Public entry just because I feel like it. I have my reasons for "feeling like it". XD
I hope you all had a lovely New Year. I rang it in with my beloved, although on New Year's Eve I was dealing with some rather unpleasant things from other people. Backstabbing, for one. A lot of hurt, but Jeremy made the day better. :) New Year's Day was full of even worse bullshit. Let's just say that I found out someone whom I believed I could trust and whom I cared for very much had been telling lies about me behind my back. Needless to say, I went to work that night without much sleep at all and I still feel sick over the whole thing. I'm still hurting, and I want to beat myself in the head for letting myself trust that person, for believing that that person gave a shit about me and my feelings and my friendship.
I pretty much lost my best friend around this time last year--she decided that she was tired of pretending to be happy for me, and she decided she couldn't stick around any longer even though she'd been my best friend for fourteen years. Yes, that still hurts. The irony is that the "friend" I mentioned above told all those lies to her, and she caught him in the lies. I was informed of it, and I honestly do not believe he's sorry for lying about me or hurting me, or lying to her. I think he's sorry that he got caught, and that's it. You see, the two of them apparently have a lot in common, and their relationship was heading towards the "romantic" sort of stage, I guess, but then he lied to her about me. I hope for her sake that she's walked away from him as I have, because he's just not worth it.
There are a couple more people this past year who have apparently decided that I am no longer worth talking to, and don't really reply to anything I have to say. Oh well. I guess I'll move on from that too.
I have reconnected with someone this past year, though, and it has been nice. <33333
And most importantly? Come the end of March, I'll be married to the best, sweetest man in the world. Ever since we became official, it's just been... I can't even describe it. We're so comfortable with one another and it's not like this silly "honeymoon" stage that people talk about. Because we've known each other for so long, he really gets me and I really get him. What we have is precious and beautiful, and I just wish everyone could experience this feeling.

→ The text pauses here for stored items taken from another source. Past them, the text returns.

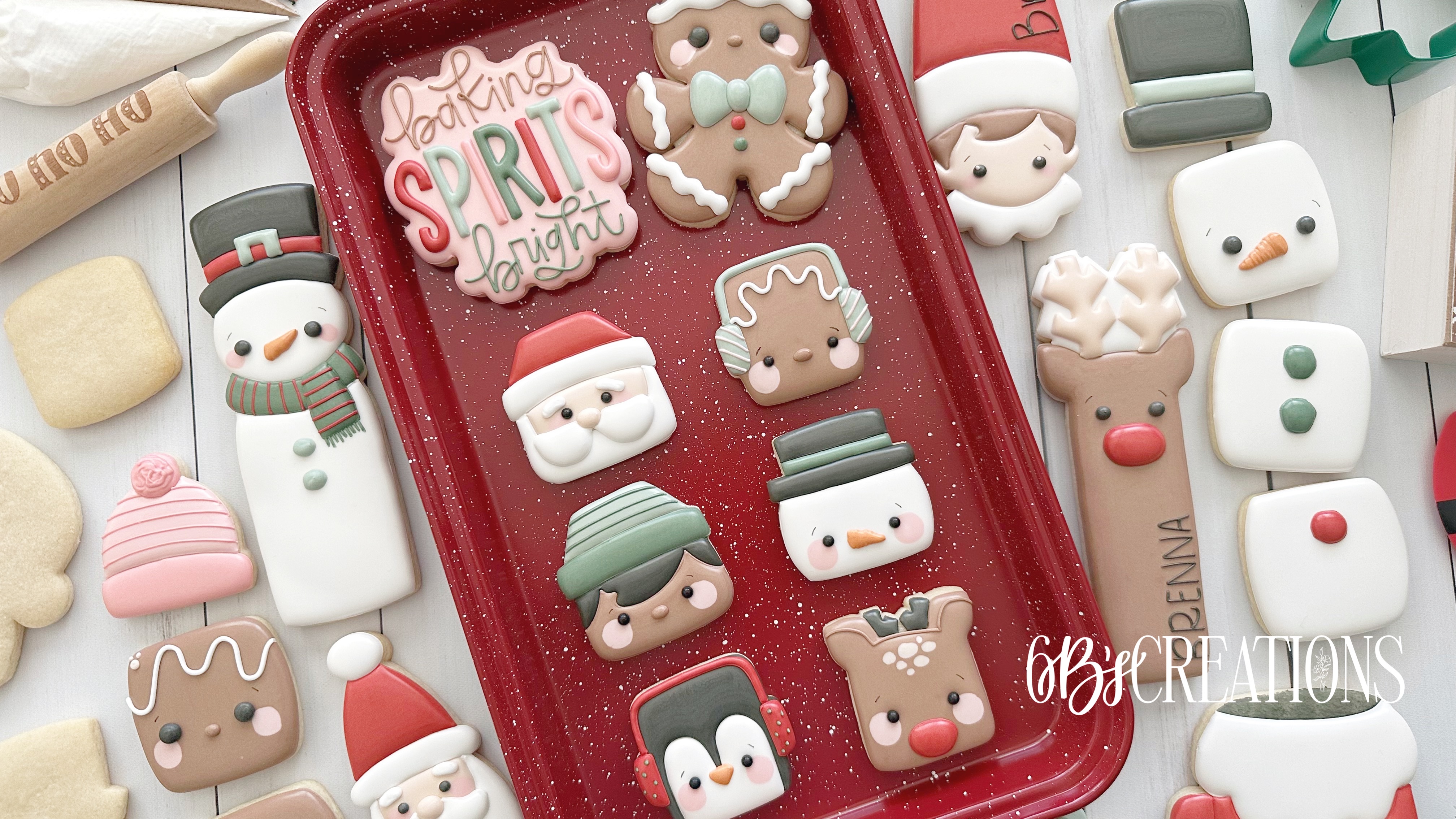 This online class will go over how to create the designs on the 18 different cookies pictured here! Included in the 1 hour and 45 minute video, I will go over the best icing consistencies to use for outlining and flooding, how to add icing in layers without cratering, and how to create layers of icing right next to each other and have them stay separate. I do not show how to decorate each of the mini cookies in the video. I show the general idea and then include step by step pictures in the PDF. The full 43 page PDF will include information on icing consistencies, my royal icing recipe, my sugar cookie recipe, links to all of the cutters used on these cookies, complete supply list with links, step by step directions with pictures on how to decorate the cookies, outline of the video with time markers and coupon codes to some of my favorite shops. The videos are in real time as I explain how to decorate and add all of the details and embellishments to each cookie. Please note that this is an online class and no physical products will be supplied.
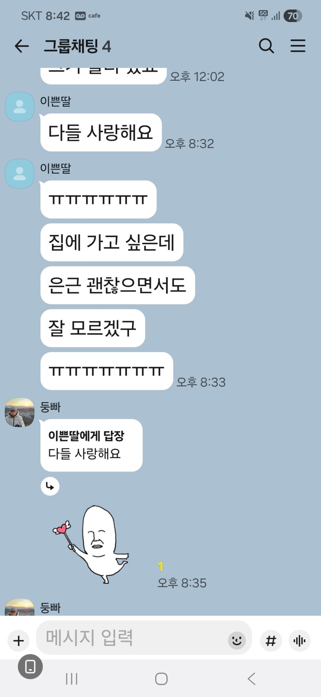 어제도 통화하다 점오한다고 말도 몇마디 못하고 끊었어요 ㅜㅜ
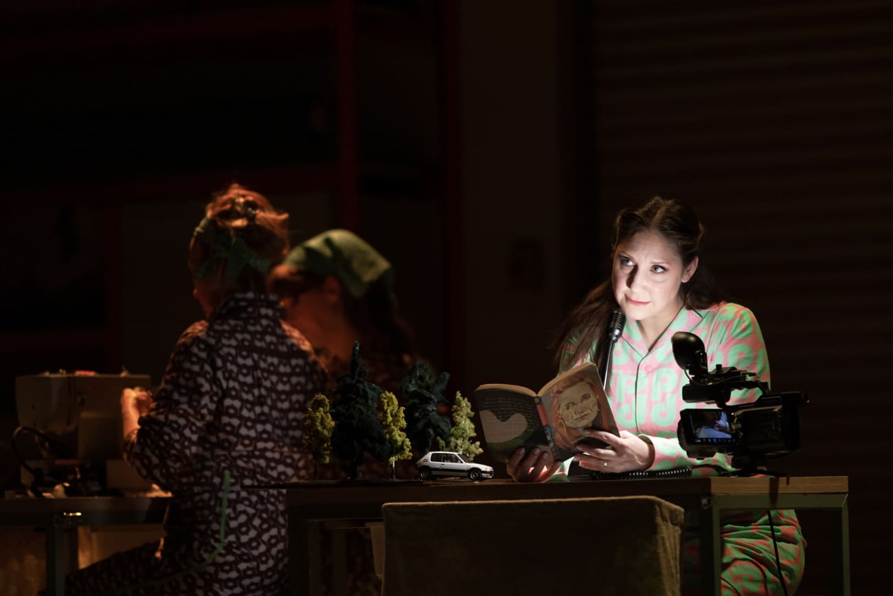 ”Vi ville ha ett starkt och surrealistiskt visuellt språk i föreställningen. De två föräldraparen som dyker upp i berättelsen har till exempel ’hushuvuden’, eftersom deras husliga roller helt har tagit över deras personligheter. De är arketyper eller varnande exempel. Och när man spelar med ett hus på huvudet, så måste man maximera varje rörelse och gest, som en mimare. Det är väldigt kul, vi skrattar mycket under repetitionerna,” berättar Franciska.

I'm so nervous about moving out of this house. I know I cannot stay here forever but I will miss my Daddy and my sister and Fred (my dog) and Lizzie and Lilly (the cats) and even the goats something fierce. I'll miss venting to my mom about work every morning I come home. I'll miss walking with my sister. I know I'll be in Warner Robins and it's only an hour and fifteen minutes away but I wish we could just live closer. :( Unfortunately, Jeremy is in the Air Force and they require him to live within so many miles from the Air Force Base. It's going to be a big adjustment and I'm probably going to be terribly homesick for a bit, but you know... he'll be there beside me, helping me the whole way. Even though I'm nervous, I'm so excited to be taking this step with him. I know I am exactly where I am meant to be.
May this new year bring happiness to all of you~!